From 'holding' firm, Flipkart turns into 'private' firm for buyout by Walmart
Flipkart, in a regulatory filing, informed ACRA that it concluded a second buyback of shares from a set of its investors for $350.46 million in a transaction that closed on April 27.
The documents filed by Flipkart for regulatory approvals reveal that India's e-tailer major has turned into a private company from a holding firm, ostensibly for a strategic buyout soon by the world's largest retail giant Walmart Inc.
"Documents filed by Flipkart with the Singapore's Accounting and Corporate Regulatory Authority (ACRA) indicate that the holding company has become a private firm - Flipkart Pte Ltd in Singapore where it is registered," news agency IANS quoted business intelligence platform Paper.vc Founder Vivek Durai as saying.
Flipkart, in a regulatory filing, informed ACRA that it concluded a second buyback of shares from a set of its investors for $350.46 million in a transaction that closed on April 27.
"The buyback and the subsequent conversion to private company status appear to be part of a series of steps aimed at easing a proposed acquisition by Walmart," IANS quoted Chennai-based Durai as saying.
Though the buyback was on April 27, Flipkart filed the documents on May 3. It has obviously paid from the $2.5-billion funds it raised from Soft Bank Vision Fund, Microsoft, E-Bay and other investors last year.
"The buyback will enable the e-commerce giant to bargain for a favourable deal with the US-based Walmart, which is eyeing a majority or controlling equity stake in it to foray into the multi-billion-dollar Indian retail space," a market analyst told IANS earlier.

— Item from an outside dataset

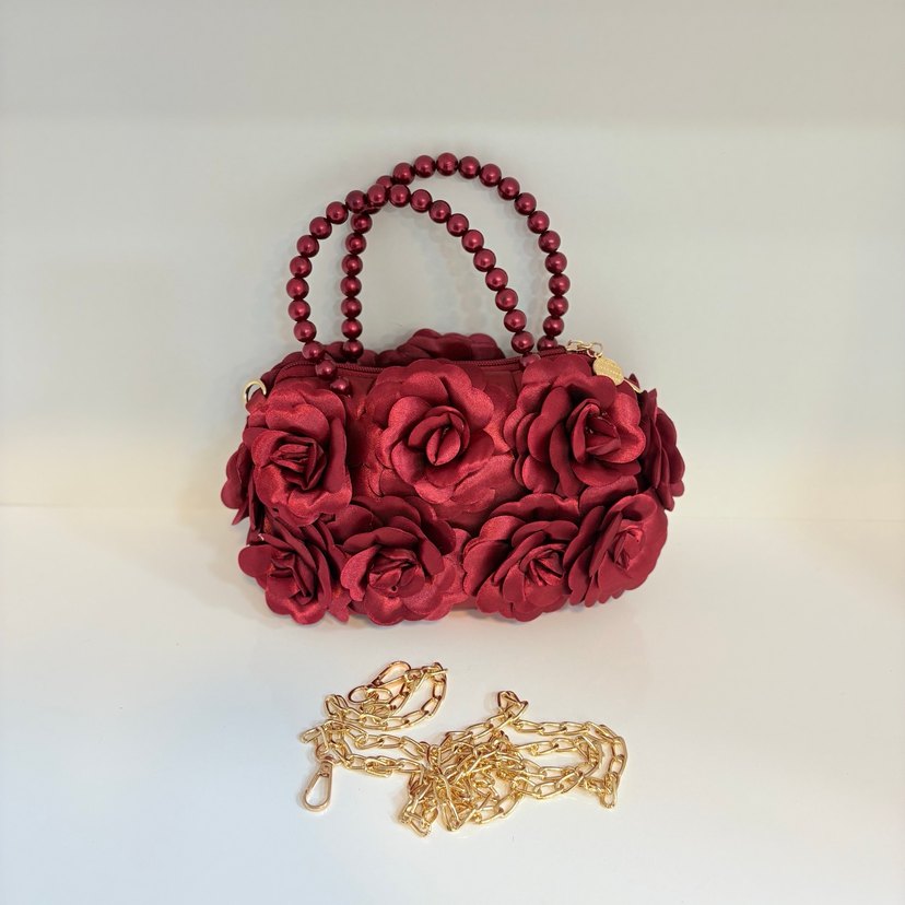 Bordo renkli kadın çantası, ipeksi kumaş üzerine çiçek detayları ve boncuklu saplara sahiptir. Çıkarılabilir altın zincir askısı ile bohem ve klasik şıklığı bir araya getirir, düğünler için uygundur.

The e-commerce major purchased 18,95,574 redeemable preference shares and 1,74,319 non-redeemable preference shares for $350.46 million from a set of investors in a transaction that closed on April 27.
The decade-old firm's first buyback of shares was on December 7, 2017 when it spent a whopping $869.15 million to buy 72,83,175 redeemable preference shares and 23,01,456 non-redeemable preference shares at $85.3 per share.

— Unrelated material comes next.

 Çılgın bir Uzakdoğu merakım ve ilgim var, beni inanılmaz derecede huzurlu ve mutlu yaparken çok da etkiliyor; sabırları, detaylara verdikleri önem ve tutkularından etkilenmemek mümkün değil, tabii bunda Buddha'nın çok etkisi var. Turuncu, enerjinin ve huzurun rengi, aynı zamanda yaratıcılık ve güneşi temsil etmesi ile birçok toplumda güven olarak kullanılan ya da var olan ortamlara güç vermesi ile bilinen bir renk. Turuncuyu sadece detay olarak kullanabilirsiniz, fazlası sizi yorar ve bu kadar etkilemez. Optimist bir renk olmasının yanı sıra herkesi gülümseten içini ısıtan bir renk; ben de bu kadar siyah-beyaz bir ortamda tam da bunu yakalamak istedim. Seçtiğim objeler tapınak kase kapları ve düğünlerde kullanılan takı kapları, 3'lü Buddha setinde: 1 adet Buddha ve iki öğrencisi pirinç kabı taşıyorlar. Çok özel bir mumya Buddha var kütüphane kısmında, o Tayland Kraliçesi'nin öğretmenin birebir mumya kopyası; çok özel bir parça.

"As the company needs to have 50 shareholders to become a private entity, 94 of the 144 shareholders would have exited in the twin buyback rounds, while the remaining, would have partially (15-50 per cent) sold their equity stake," hinted Durai.
According to another analyst who declined to be named, Flipkart has converted into a private firm so that Walmart could come on board as a strategic investor for controlling stake after the exit of so many institutional and individual investors.
"The deal between Flipkart and Walmart is a done thing, as evident from the exit of majority of its investors. There is no reason otherwise for it to turn into a private firm after being a holding company over a decade," hinted the analyst.
"Walmart has been losing ground to Amazon in their traditional US market, while Flipkart in India has managed to maintain its lead, albeit slender, over Amazon. It's not surprising that Walmart wants to take over Flipkart, which has built an exceptional engineering talent at many levels of operations," affirmed Durai.
"Flipkart, which raised $6.11 billion in 18 rounds of funding since 2009 and bought back over 26 lakh shares worth $1,320 million ($1.32 billion) places its valuation at $17.69 billion," said Durai.
The valuation is based on the buyback price the holding firm paid to investors, including premium.
With institutional investors holding majority of the combined stake, ranging between 20.79 per cent (highest) by Soft Bank and 6.11 per cent by E-Bay (lowest), the share of co-founders Sachin Bansal and Binny Bansal is 5.5 per cent and 5.25 per cent.
According to the filings, the company also bought shares from its present and former employees on December 13, 2017 for $100 million that were given as stock options.
Of the major institutional investors and venture partners, besides Soft Bank, Tiger Global has 20.55 per cent stake, Nasper 12.83 per cent, Accel Partners 6.44 per cent and Tencent 5.69 per cent among others.